Saturday, February 6, 2016

Mean Streak

Your words rain down like a shattered sheet of glass, embedded in my skin like tiny crystal bullets. Tiny drops of blood, like little red teardrops. I wash away the remnants of my pain but little pieces stay lodged under my skin, where you live.

Friday, December 25, 2015

LETTING GO

LETTING GO

The only thing that was constant and stable was the pain, and the only thing that could take the edge off of it was love. The love brought it’s own pain, it had begun as a safe spot – soft and warm, a sense of security and feeling matched with another soul. The distance of the thing, and the constraints of the external things that began to invade that initial haze of togetherness had created sharp edges and small crises of faith, that then ballooned into anxiety-ridden breaks in rationality.

The pain became a companion, maybe as addictive as the love, and after a while even the bitter taste of Xanax stopped providing the comfort of numbness. Waiting in endless cycles for a text, a call, a token of love that doesn't come, turns your mind inside out; the unknown and cryptic nature of a love that grows in the soil of intangibility, and the toxic mix of insecurity and fear. The dark thoughts creep in, the bogeyman under the bed we all feared as children, becomes real, he’s a shadow stalker and you can hear him whispering quietly in your ear that the thing you fear the most is preordained and then you wait for that first tentacle of fear to wrap itself around what’s left of you, and it starts to be a comfort – the idea of nothingness becomes appealing, a secret place, an escape plan, a resolute end that can't be dictated by external forces.

Laying in bed, you look at the bottles lined up, battalions of pills to ward away the dark place, and the bogeyman who inhabits it. The fleeting thought of the comfort they could bring, the last boundary between pain and peace… No more twisted feelings of dread and guilt for things already done, or things still undefined; the rejection you expect with a numb sense of helplessness and finality, no more heavy, painful heartbeats that pulse against the band of tightness in your chest. One last clear breath, release, and the freedom of nothingness.

Reclining in a bath or floating in a pool turns into a delightful sensory deprivation chamber, you lay into the water and hear your breaths in an echoing cadence, your heart beats faint and steady, and you close your eyes and curse the fact that your brain will never let you sink three inches below the surface and inhale the water, pushing the last bit of oxygen out of your body while your soul floats away in an invisible swirl of stars.

So many tempting thoughts, a place to rest and be untouched by the ugliness of the world you created for yourself. No sense of dread or fear, being out of step with things everyone else seems to take for granted, living in isolation but somehow surrounded by people who ultimately see you as a burden, an obligation, or an object of curiosity. A creature that lives in the shell of a human body, but that has no connection to humanity – just grief and fear and pain, as pleasure and hope become ghosts of someone you once you knew.
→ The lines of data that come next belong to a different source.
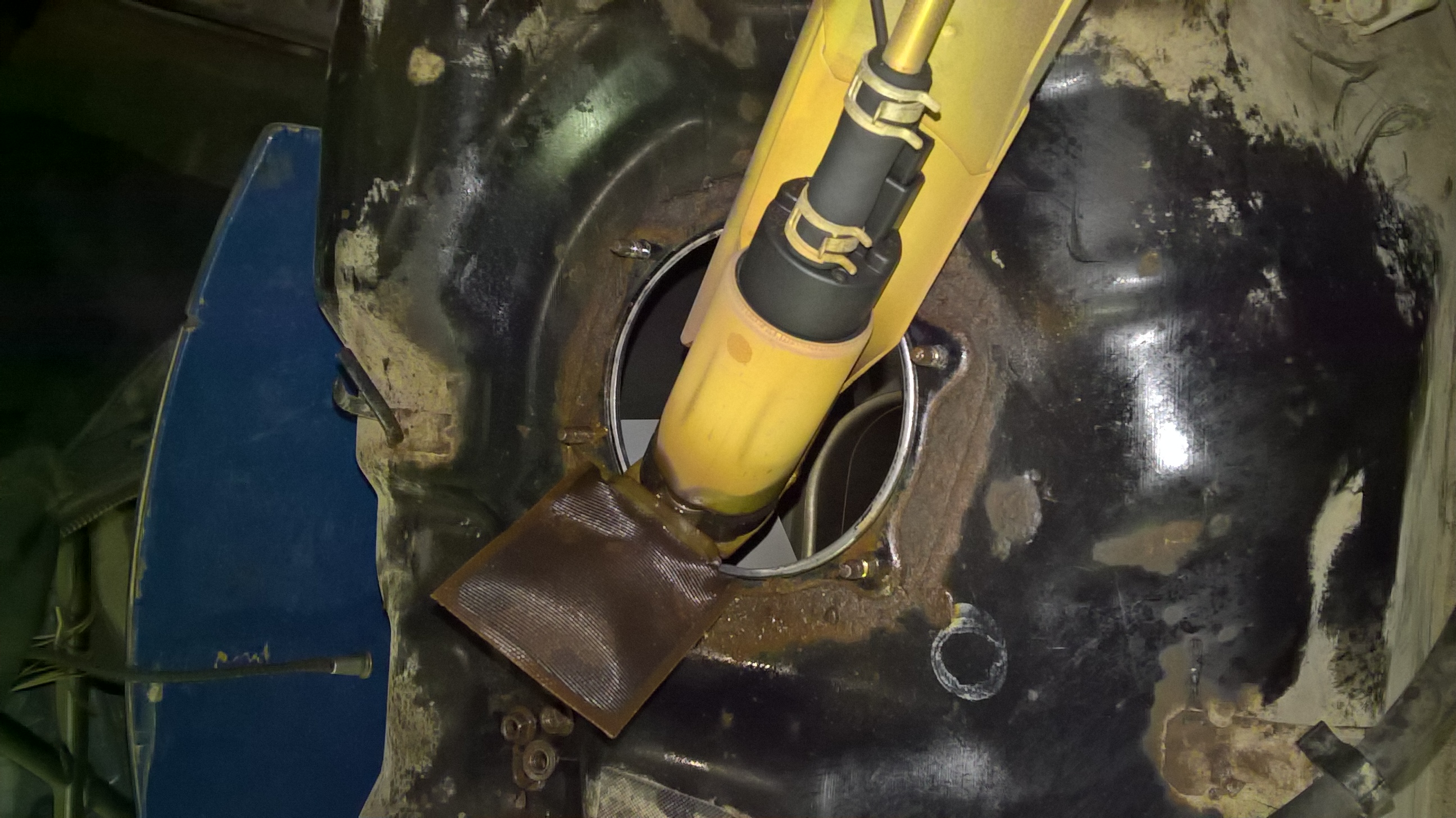 Месяц назад проделывал все то же самое. Горловина прогнила аж до дыр и колесом накидало грязь в бак, как следствие забитая сеточка на насосе, забитый фильтр, забитые форсунки и вода в баке.
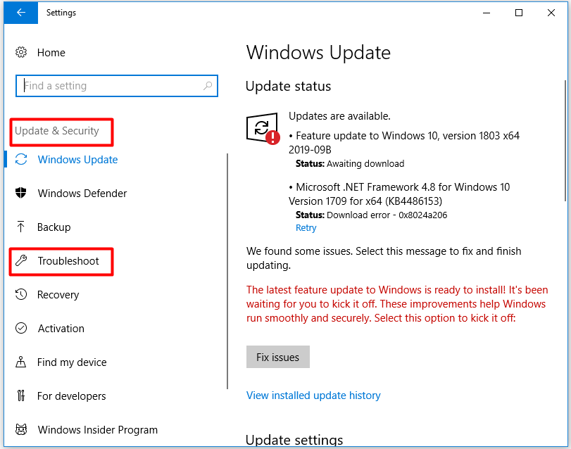 Step 2: Choose Troubleshoot in the left side of the Windows Update page.
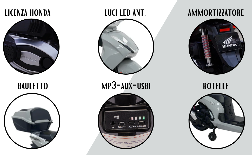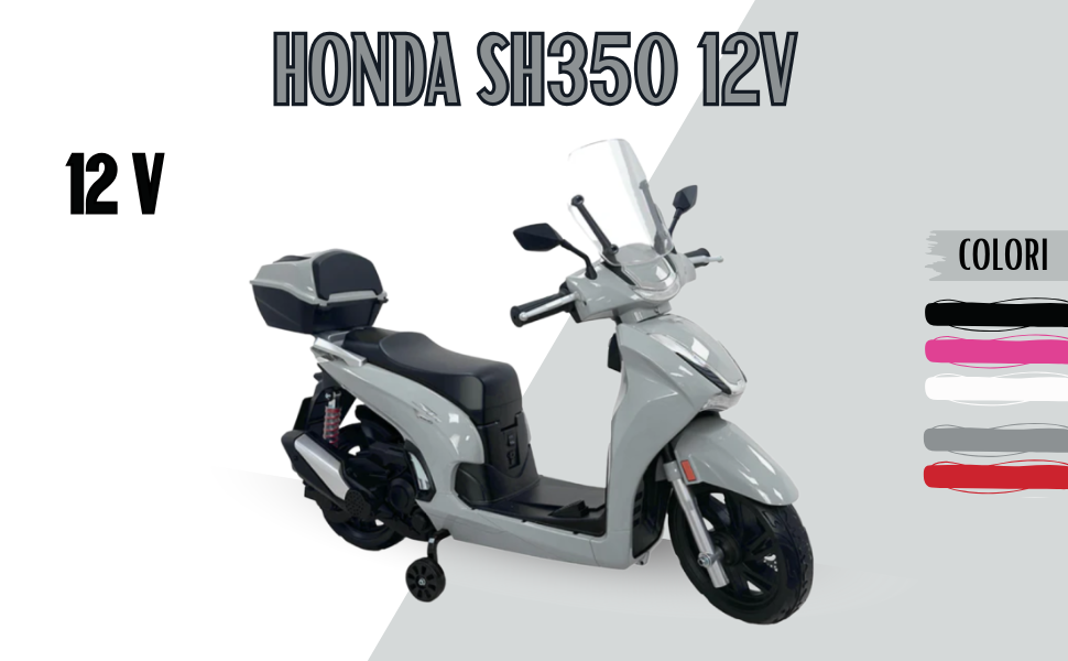 Lo scooter Honda SH350 12V porta l’icona delle due ruote nel mondo dei bambini. Con licenza ufficiale Honda, luci LED realistiche, suoni autentici e accelerazione a pedale, è il compagno perfetto per piccoli esploratori dai 2 ai 6 anni.
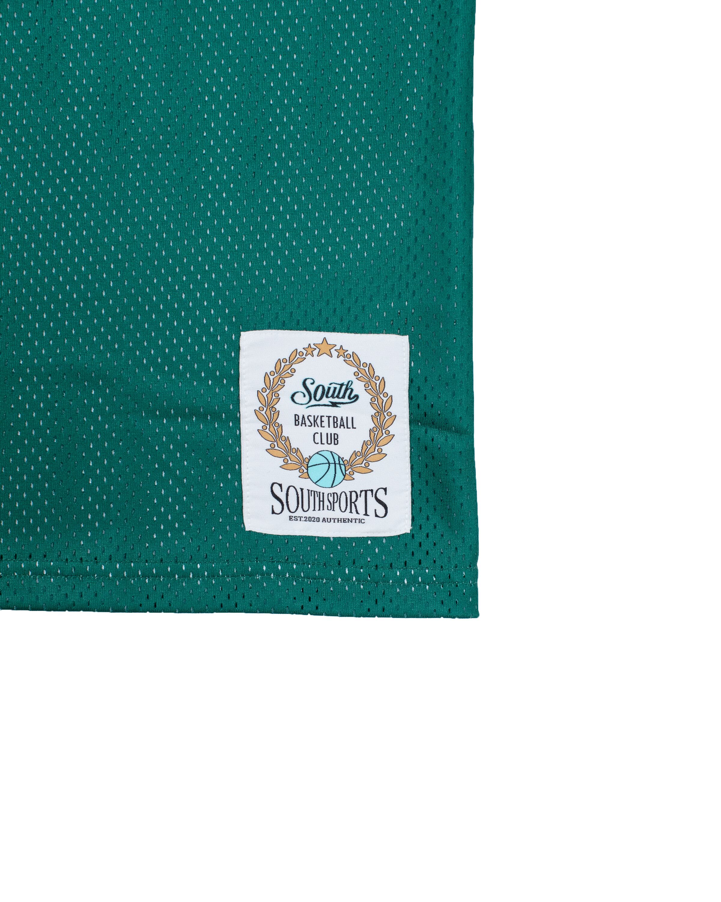 ・着丈部分にはSOUTHオリジナルタグを縫い付け、ひと味違うバスケウェアを演出。
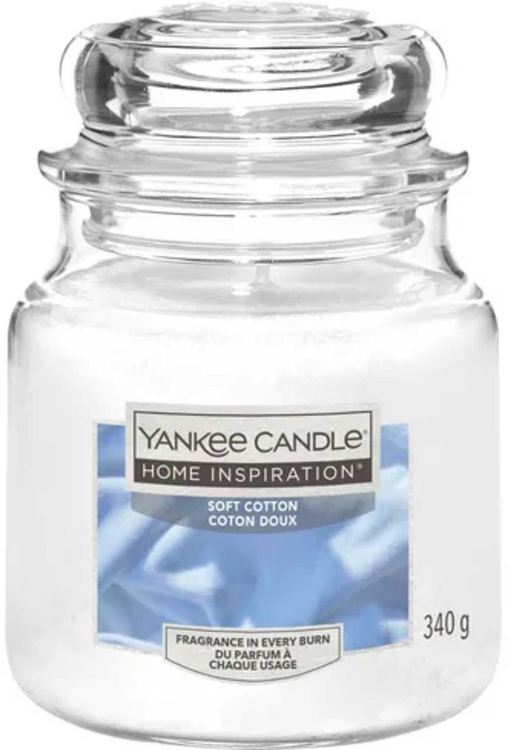 Yankee Candle Home Inspiration - Świeca zapachowa w słoiku Soft Cotton, Medium (340 g)
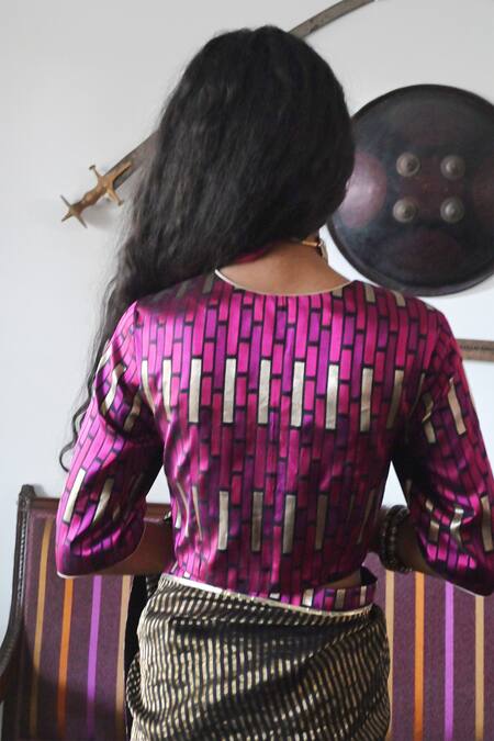 Purple and black blouse featuring a geometric linear woven pattern with silver piping at the hem
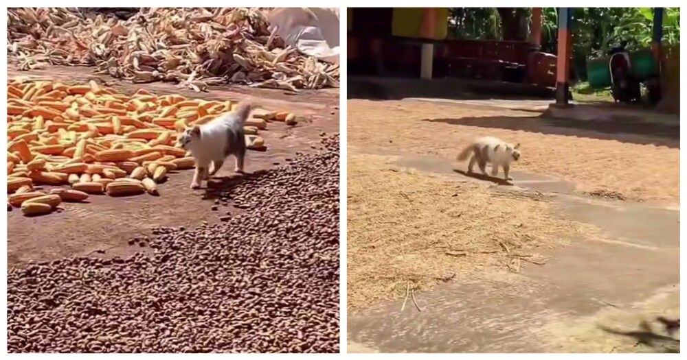 Бабушка наняла "охранного кота" для защиты кукурузы, разложенной на просушку после сбора. Пушистый внимательно и ответственно подошёл к работе.

People pass judgements on actions and decisions you make, never knowing anything about you. Cruelty comes from directions you don't expect, and the unintentional cruelty is the worst because it underlines how detached you are from the human race, like they are throwing a rock at a stray dog, or stepping over a homeless beggar in the street. They don't see past you, they just don't see you at all because you’ve become transparent, inconsequential. A thing.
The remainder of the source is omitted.